Тётка Анисья, старшая сестра отца, время от времени отправлялась в Ленинград – дочерей увидеть и хлебца привезти, свой-то она уже не пекла.  Замешанный наполовину с картошкой, он подходил плохо, поэтому из  остывающей, старой, не дающей достаточного жара печи, тётка доставала квёлые, круглые буханки, которые  почему-то называла булками. Остыв, «булки» становились твёрдыми, как дорога.
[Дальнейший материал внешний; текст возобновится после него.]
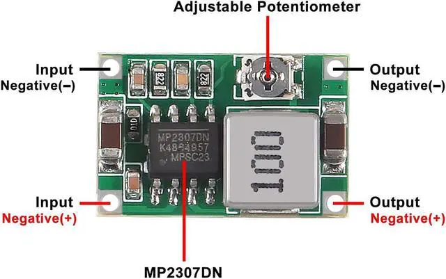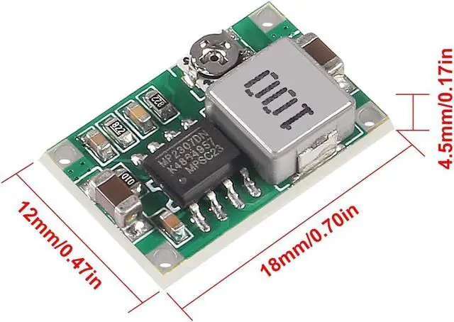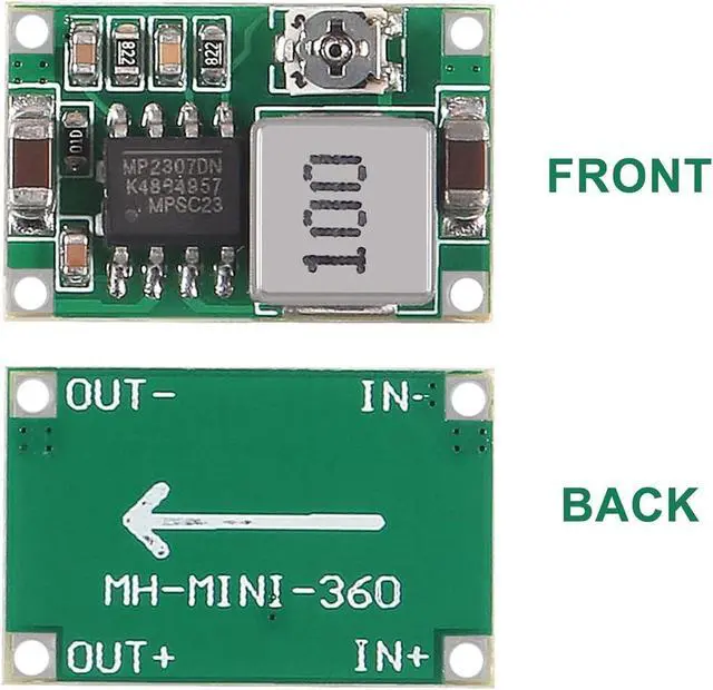 Mini 360 buck Switching frequency: 340 KHz switching frequency, less than 30mV ripple (no load), MP2307 IC

Когда я и сестра Эмма, измученные долгой дорогой длиной в двадцать пять километров, приходили пешком в деревню Веригино навестить тётку, первые часа два- три радости её не было предела. Расспросив про здоровье брата (невестка, то есть наша мама, перестала её интересовать с тех пор, как  во время войны  пришлось им пожить под одной крышей), она ставила на стол яичницу, зажаренную с крупными кусками прошлогоднего сала, излишне пересыпанного крупной серой солью, экономно, стараясь не крошить, нарезала хлеб и начинала угощать:

- Деуки, жгритя булку.

И это было неслыханной щедростью. Потому что, как всегда, мука  кончалась (чуть-чуть на донышке в лукошке осталось), куры бросают нестись, печку топить нечем – за дровами в лес ехать некому. Вот такая картина. И самое страшное, что  это было абсолютной правдой. Послевоенная Смоленщина  голодала, перебиваясь, чем бог пошлёт: то тошнотики из мёрзлой картошки пекли (долго потом есть не хотелось – действительно тошно было), то  борщ зелёный из крапивы и щавеля варили.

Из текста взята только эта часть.